The other, Colonel William Drayton of Charleston whom he would later dedicate his Tales of the Grotesque and Arabesque to. It’s unsure the exact nature of their friendship but they would remain friends even after Drayton was transferred to Philadelphia.

His down time from his military duties reminded him too of his desire and need to write and write he did.

The island provided the inspiration and setting for The Gold Bug, published in 1843. During the time Poe arrived and spent on the island it was a place of swamps, ghostly legends, buried pirate treasure and African voodoo cults. Perfect indeed for the mind of Poe. It is thought too that the narrator of Gold Bug is modeled after his friend, Dr. Ravenel. The story itself offers all the elements of legend and folklore, much of which is still present to this day on Sullivan’s Island.  Further, Poe would also use Charleston as inspiration in a newspaper article titled The Balloob Hoax in 1844 and the Oblong Box in 1850.
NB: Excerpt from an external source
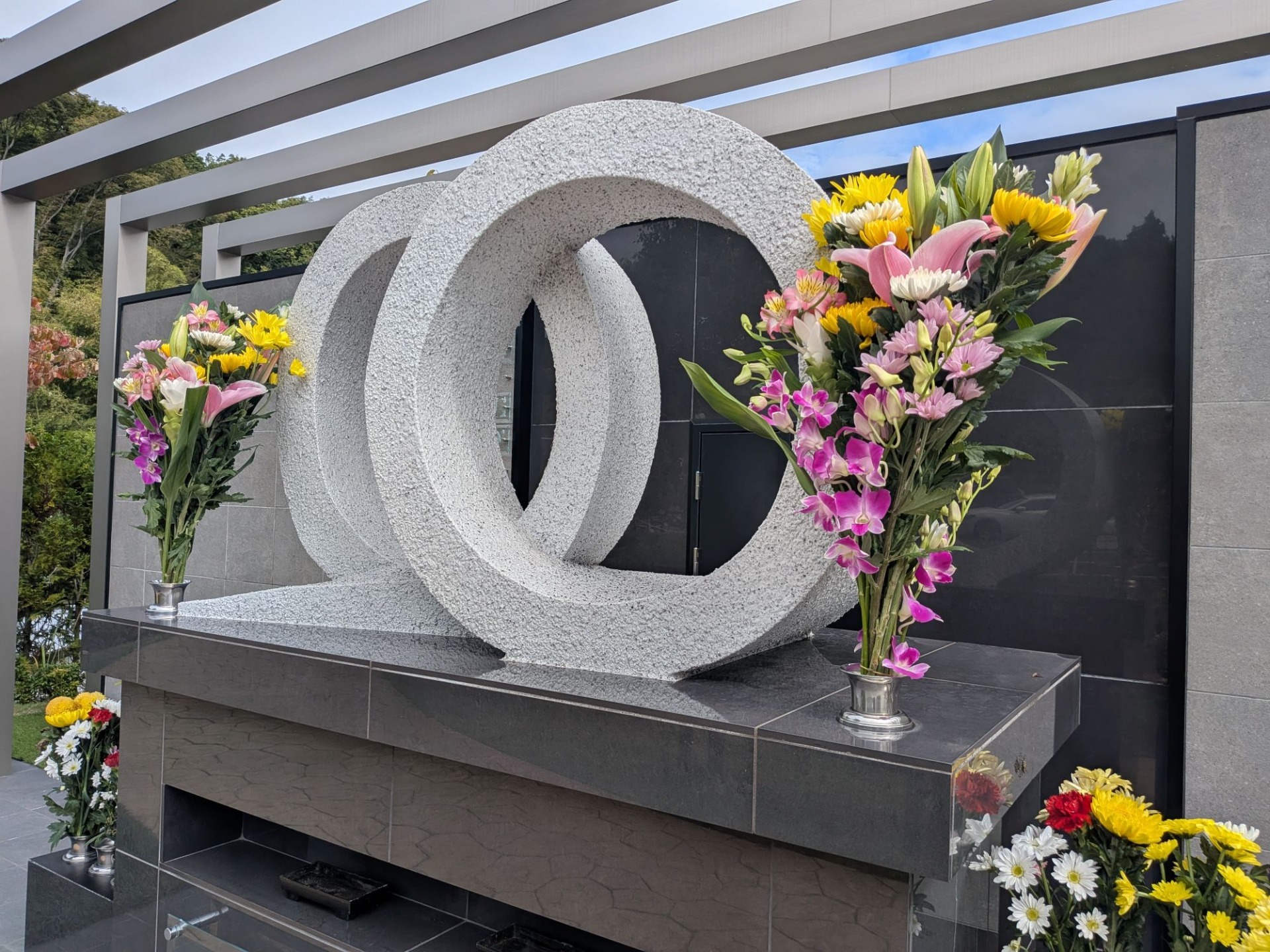 墓所、中央にあるモニュメントは、2つの丸い円形をしており、命のつながりを意味しています。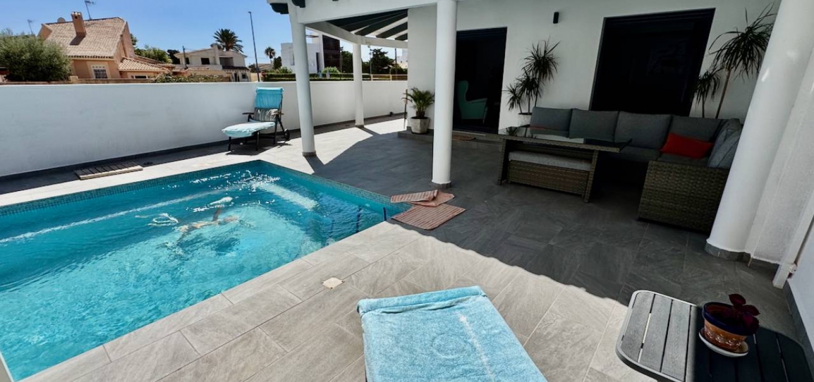 Discover a stunning south-facing villa for sale just 2 minutes from the beach, offering modern comfort, Mediterranean charm and an unbeatable coastal location. Set on a 300 m² plot with a 130 m² built area, this well-maintained property is move-in ready and ideal for year-round living or as a holiday investment.

The locals have claimed Poe and are quite proud of their bragging rights. Many of the streets are named after his works as well as the local library and a tavern that I undoubtedly nerded out at.

Now back to Dr. Ravenel. Of course Edgar is no stranger to legends and lore and this little island holds quite an interesting one. It is thought that Poe took a liking to a family member of Dr. Ravenel. Her name….Annabel Lee Ravenel. Yeah, you know where this is going. The two, with a disapproving father, would meet in secrecy at a local church. The Unitarian Church in Charleston. Of course I went.

Unitarian Church in Charleston

Of course the photographer and nature lover in me would go picture crazy. It’s a cemetery. It’s me. Lore of Poe. It’s expected. From a photography perspective the church grounds where the cemetery sits is fairly well manicured but sets the tone for just enough intrigue in the shadows that many of the overgrown areas offer. It’s a lovely church within the low country with its spanish moss. That for me is always breathtaking. Ok, ok, back to Poe and the reason I’m here.

So it is thought that Edgar and Annabel Lee would meet in the cemetery of the church because her father was very disapproving of Poe. Eventually Poe was transferred back up North, and Annabel fell ill and died. Allegedly, paranormal sightings of Annabel Lee sitting on a bench in the graveyard or walking along its paths seeking Poe reportedly still happen. I have to add here based on my own research over the years that it is well accepted that the infamous poem is in fact inspired from his wife and cousin, Virginia Clemm. But this lore makes for one heck of a dark romantic tale!

Take this kiss upon the brow!
And, in parting from you now,
Thus much let me avow-
You are not wrong, who deem
That my days have been a dream;
Yet if hope has flown away
In a night, or in a day,
In a vision, or in none,
Is it therefore the less gone?
All that we see or seem
Is but a dream within a dream.

I stand amid the roar
Of a surf-tormented shore,
And I hold within my hand
Grains of the golden sand-
How few! yet how they creep
Through my fingers to the deep,
While I weep- while I weep!
O God! can I not grasp
Them with a tighter clasp?
O God! can I not save
One from the pitiless wave?
Is all that we see or seem
But a dream within a dream?

Edgar only spent thirteen months on this small island that spands only a little over three miles. It’s quite clear however that it made quite the impact on his writing and the people of Sullivan’s Island are proud to honor that.